Хардинг регулярно переписывается с Годфри, внуком Афунакуа, чтобы справиться о нуждах общины и скоординировать банковские переводы из Соединенных Штатов ее семье. Путешествие, которое началось как тур по красивым местам всего мира, вывело на путь восстановления справедливости и создания уз ответственности между ксенофилом, ставшим интернет-знаменитостью, и жителями деревни в южной части Тихого океана.[239]

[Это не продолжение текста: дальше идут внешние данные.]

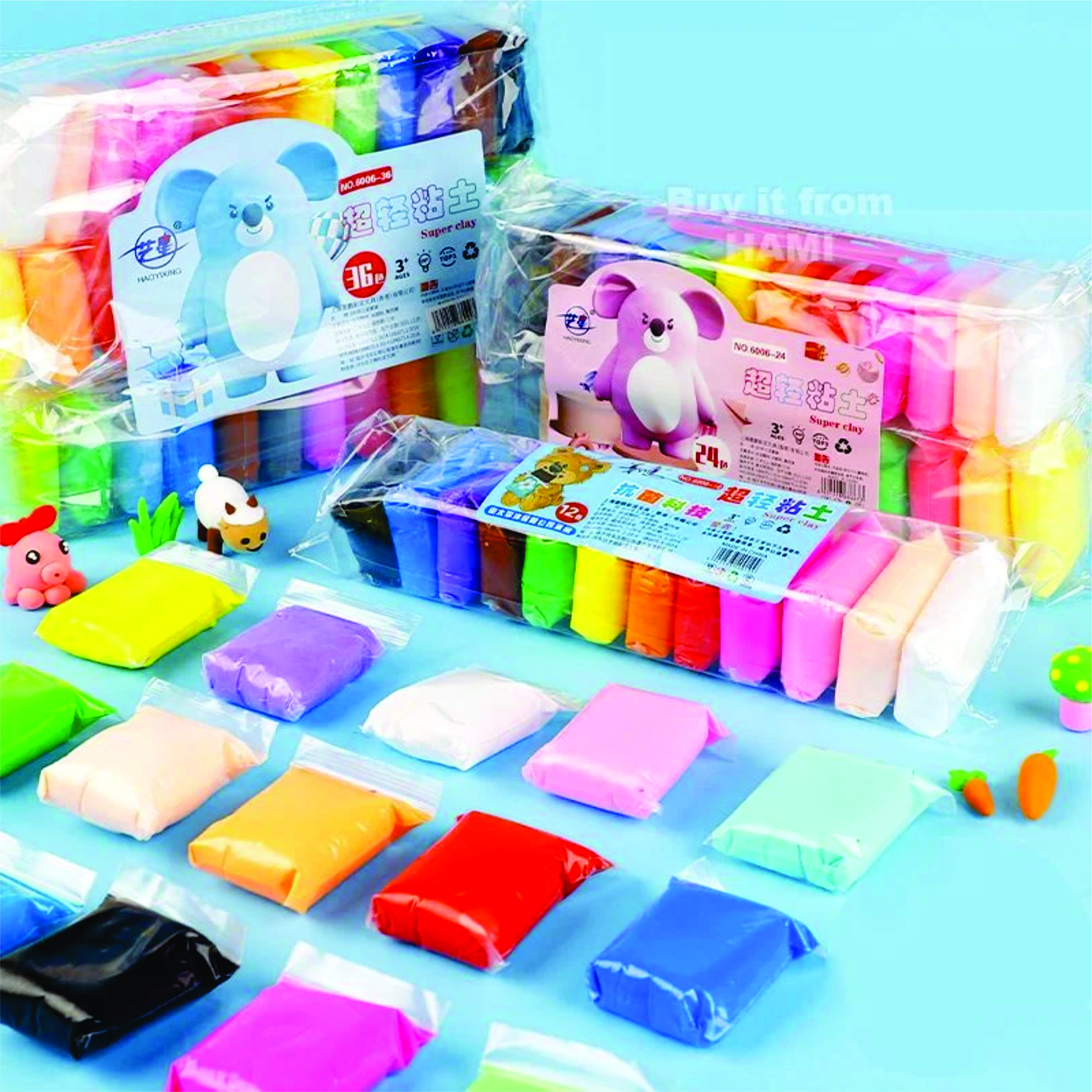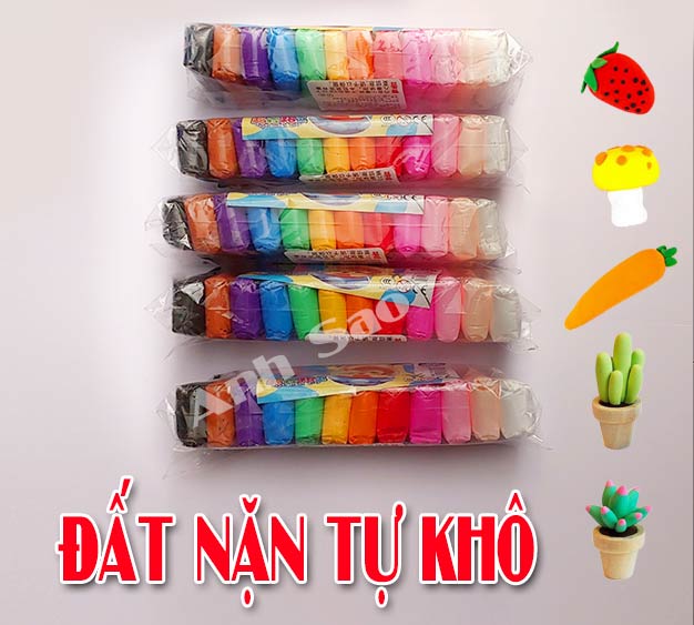 - Nếu đất bị ẩm hoặc nhão quá thì bạn có thể mở túi để ngoài nhiệt độ thường cho đất tự khô lại. (Lưu ý kiểm tra thường xuyên để đạt được độ khô mong muốn). + Không cần sấy, dễ dàng vệ sinh + Độ co rút tối thiểu - Thích hợp cho trẻ em trên 3 tuổi + Thích hợp cho những người yêu thích đồ thủ công + Để sản phẩm trong nhiệt độ phòng trong 24-48 giờ + Bột khô sau 3 giờ để ngoài môi trường + Các sản phẩm được mô hình hóa là permanat + Chất liệu: Xơ nhựa, Glycerin, màu thực phẩm và nước - Số lượng : 1 bịch đất sét 12/24/36 màu, kèm bộ dụng cụ - Màu sắc : nhiều màu, màu sắc rất tươi sáng ---------------------------------------------- Cách chơi: - Bước 1: Lau khô tay. Lấy 1 ít đất sét ra và vo lại, lúc này đất sét có thể hơi dính. Khoảng 3 - 4 phút sau đất sét sẽ bắt đầu tự khô lại. - Bước 2: Làm tương tự. Bước vò đất sét thành 1 cục tròn hơi tốn thời gian cần sự kiên nhẫn. - Bước 3: Khi đất sét đã thành 1 cục tròn, bỏ vào hủ tránh gió. - Bước 4: Nặn hình theo ý thích.

В 2012 году Хардинг выпустил четвертое видео, в котором продолжил свое движение от дуракаваляния к ксенофилии. Вначале ролика Мэтт берет уроки танцев на улицах Кигали и Севильи. По мере развития музыкальной темы становится ясно, что Мэтт отошел от первоначальных движений своего незамысловатого танца и теперь повторяет движения за мужчинами в традиционных одеждах в Саудовской пустыне и трясет бедрами с веселыми жителями Порт-о-Пренса. Когда Мэтт пытается вальсировать с нарядно одетой женщиной в Пхеньяне, становится ясно, что танцор из него все еще неважный, зато учить его танцам теперь будет весь мир. Когда толпы танцующих в Каире, Таллине, Хельсинки и Гонконге вскидывают руки верх, повторяя жесты друг друга, логика становится очевидной: Хардинг хочет сделать так, чтобы его друзья по всему миру танцевали вместе.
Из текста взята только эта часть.